The Rising Stars Of Singapore’s Alternative Protein Scene
By: Green is the New Black
Shiok Meats and Karana named rising stars of Singapore’s Alternative Protein Scene
1. Shellfish? More like ‘cell’ fish: Shiok Meats
The alternative protein market is dominated by companies making burger patties and sausages, but seafood was uncharted territory until the female-founded startup Shiok Meats took it on. The team’s objective is to shake up the conventional seafood farming sector by creating cell-based crustaceans.
When Dr. Sandhya Sririham saw shrimp being farmed in sewage and washed with bleach, she was inspired to start the company alongside Dr. Ka Yi Ling. Not only have problematic agricultural methods attracted attention to the need for an alternate supply, but so have concerns like the destruction of mangroves and the use of slave labour.
At the present, 1 kilogramme of lab-grown shrimp costs roughly US$5000. Sririham intends to cut the cost to roughly US$50 in order to make it more accessible. They expect prices to decrease more as the firm increases its manufacturing. Supported by a spectacular variety of investors, Shiok Meats has closed a US$3 million bridge fundraising round in early July of 2020.

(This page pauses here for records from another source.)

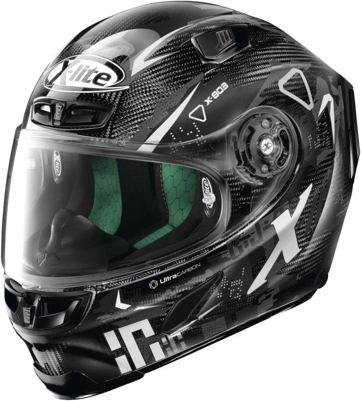 The ultimate race helmet. Ultra-light, full carbon fiber construction features an elegant, race-proven profile for maximum stability at speed. Adjustable rear spoiler ensures stability and strategic venting for massive airflow. Italian design and engineering at its finest.
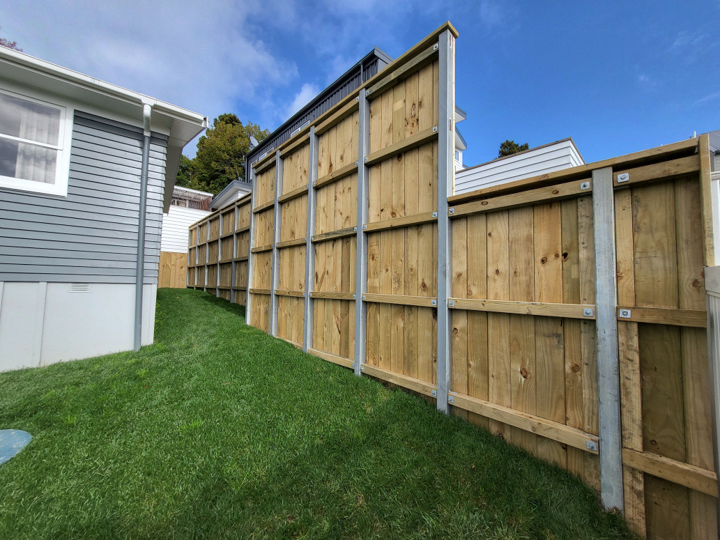 I had to level the site between the existing house and the new build, had some 3m high steel galved posts fabricated, then build the wall. Then did a lawn prep and lay readylawn.
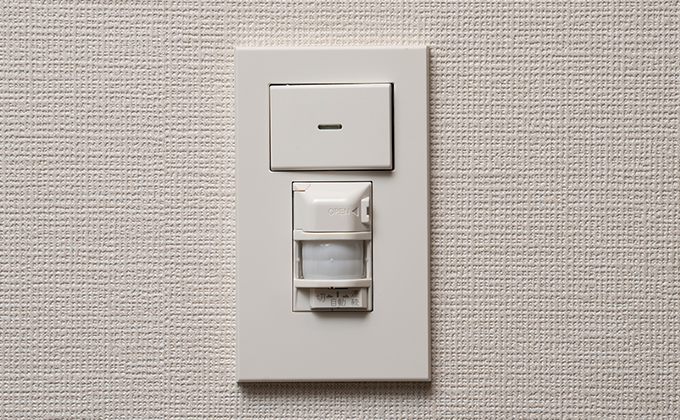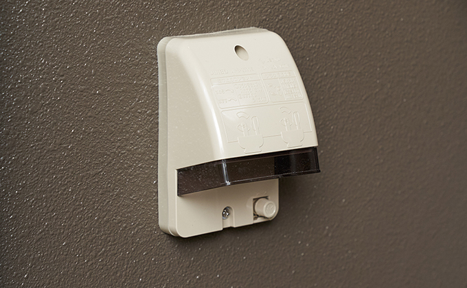 玄関には人の動きを感知して点灯する人感センサーライトを設置。夜間の帰宅時など暗がりでスイッチを探す必要がありません。
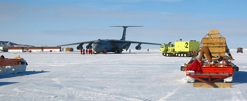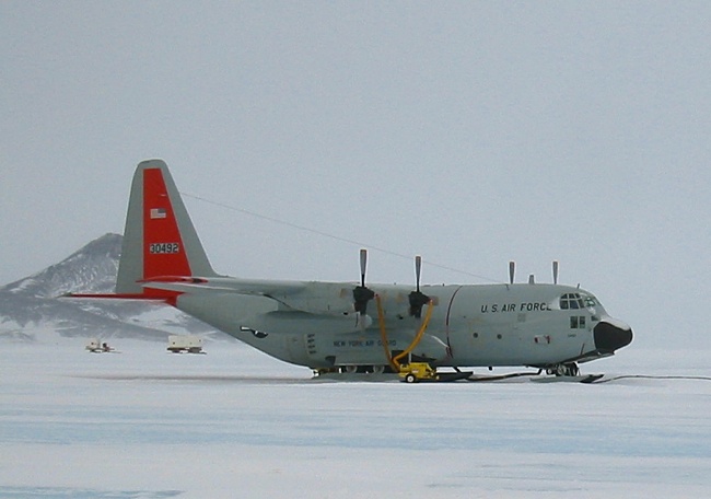 An LC-130 Hercules with skis (that's what the "L" stands for -- don't look at me...I didn't come up with it). These made flights between New Zealand and McMurdo, as well as between camps and bases on the continent. The C-141's required a perfect ice runway. The C-130's were able to land on not-so-perfect runways, so they got around more.
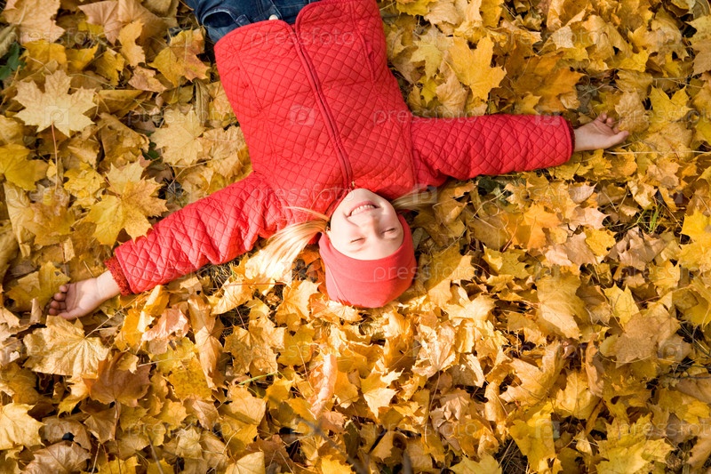 Сверху вид на мирное дитя, наслаждающееся жизнью лежа на осенней земле
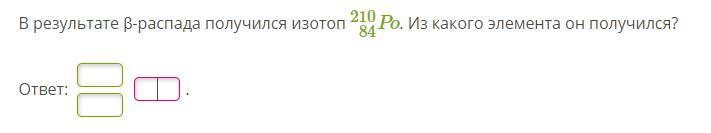 2 Заряд материнского ядра на 1 меньше дочернего. Находим заряд материнского ядра 84−1 = 83. Записываем заряд 83 перед обозначением ядра снизу.

They are intending to build up their first production factory in Singapore to prepare for the commercialization of cultured seafood in the next 2-3 years. Their investors include the CEO of Monde Nissin (the parent company of Quorn, a UK-based meat substitute producer), Y Combinator, a seed money startup accelerator that has previously invested in Twitch and Airbnb, and Big Idea Ventures, a venture capital fund that invests in the most innovative companies working on plant-based food, food technology, and alternative proteins.
3. Jackfruit hijacked: Karana
Karana plans to “re-image Asian cuisine.” Despite how bold the concept is, they might have a good shot. In 2021, they launched their pork alternative made from jackfruit. Those who are turned off by processed plant-based meat or “lab-grown” alternative proteins may be tempted by jackfruit because of its “already meaty texture.” In addition to being inherently pest- and drought-resistant and heat-tolerant, jackfruit is also quite simple to cultivate. As the consequences of the climate crisis and COVID-19 continue to reveal the vulnerability of the present food supply system, this derivative will grow in significance. Since “upwards of 60% of the world’s jackfruit production goes to waste,” there is a plethora of this wonder food available, and Karana is on a mission to bring it to a wider audience.
Karana closed its seed investment round with US$1.7 million in July 2020. Investors include Big Idea Ventures, the Temasek-backed fund devoted to plant-based food, and Germi8, a VC company that specialises in agri-food entrepreneurs. Karana will use the money to introduce its first line of plant-based meats and dim sum goods to the Singapore market, with the Char Siew Bao serving as the flagship item (a traditional barbecue pork bun in Chinese cuisine). According to Crichton, “Asian comfort food” is now their main emphasis. A part of the money will be utilised to boost its R&D capabilities by forming a regional food-tech team.